#### Information provided

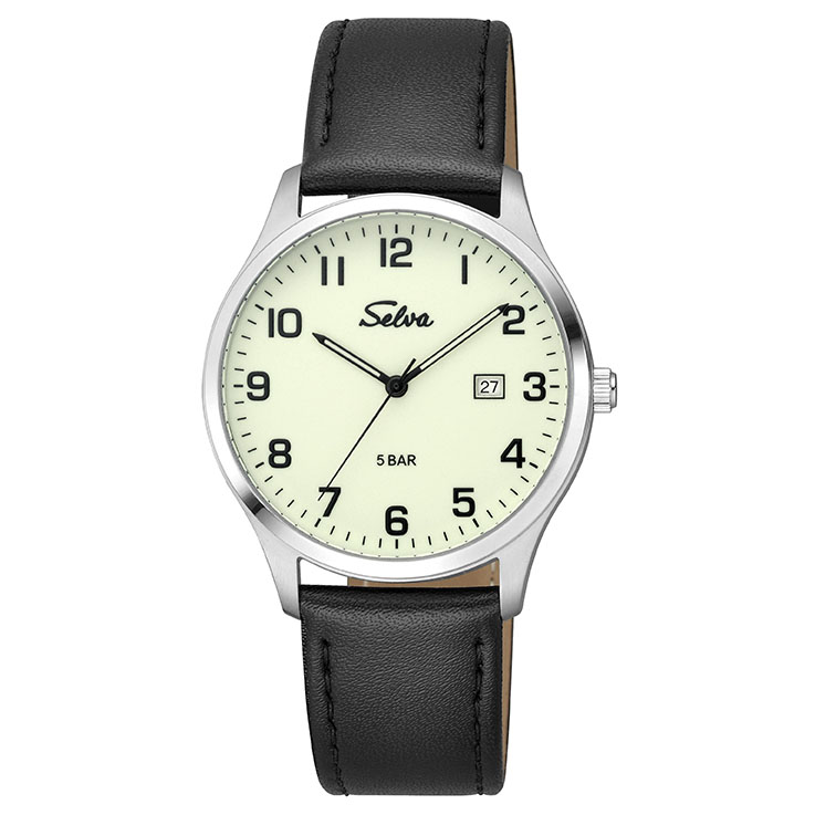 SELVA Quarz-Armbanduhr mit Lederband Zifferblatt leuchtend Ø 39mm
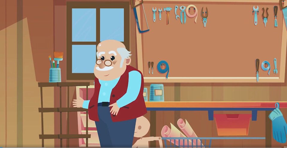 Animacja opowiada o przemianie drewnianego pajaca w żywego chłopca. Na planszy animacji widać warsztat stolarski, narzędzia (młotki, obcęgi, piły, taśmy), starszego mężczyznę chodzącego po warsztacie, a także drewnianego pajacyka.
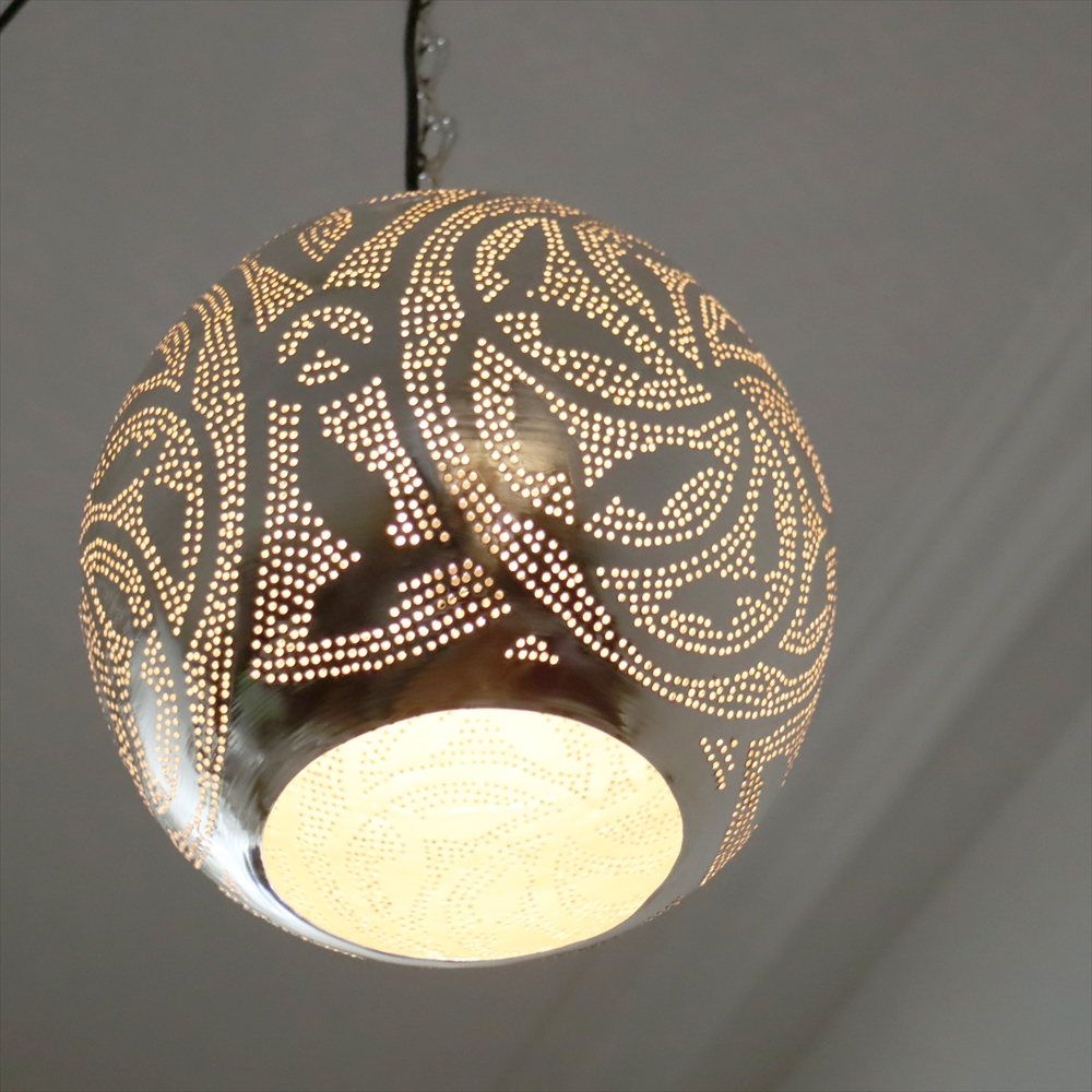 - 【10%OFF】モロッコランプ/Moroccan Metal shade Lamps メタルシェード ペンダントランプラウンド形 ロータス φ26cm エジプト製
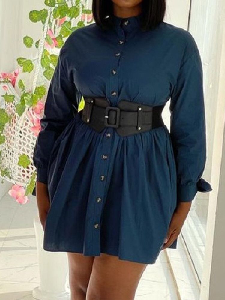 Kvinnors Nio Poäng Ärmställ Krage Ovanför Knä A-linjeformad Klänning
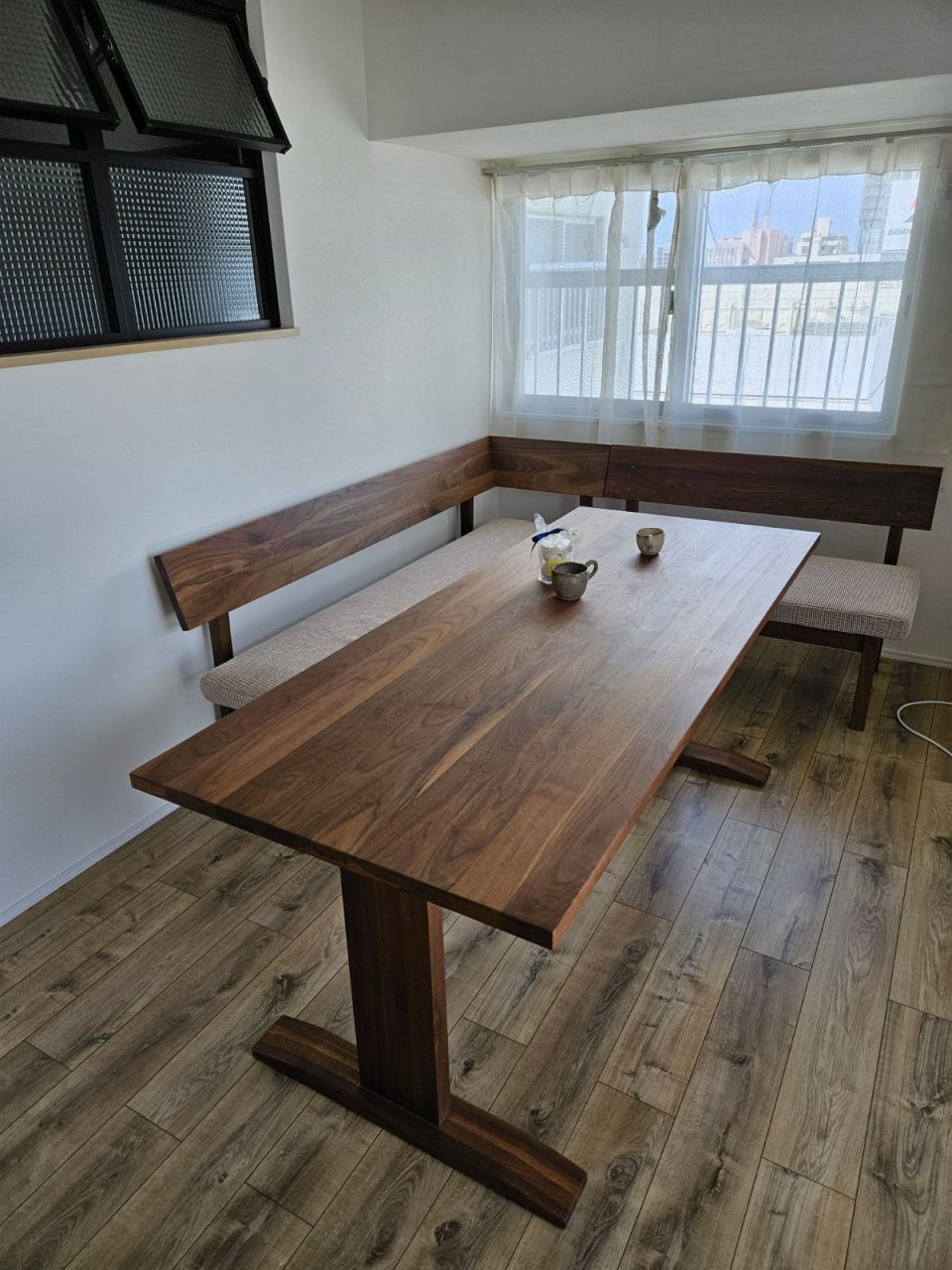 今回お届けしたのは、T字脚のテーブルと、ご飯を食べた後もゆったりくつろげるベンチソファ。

########

▶ **Task**
An exact reproduction of every record above is required, with no pictures included.

▶ **Answer to the problem**
 SELVA Quarz-Armbanduhr mit Lederband Zifferblatt leuchtend Ø 39mm
 Animacja opowiada o przemianie drewnianego pajaca w żywego chłopca. Na planszy animacji widać warsztat stolarski, narzędzia (młotki, obcęgi, piły, taśmy), starszego mężczyznę chodzącego po warsztacie, a także drewnianego pajacyka.
 - 【10%OFF】モロッコランプ/Moroccan Metal shade Lamps メタルシェード ペンダントランプラウンド形 ロータス φ26cm エジプト製
 Kvinnors Nio Poäng Ärmställ Krage Ovanför Knä A-linjeformad Klänning
 今回お届けしたのは、T字脚のテーブルと、ご飯を食べた後もゆったりくつろげるベンチソファ。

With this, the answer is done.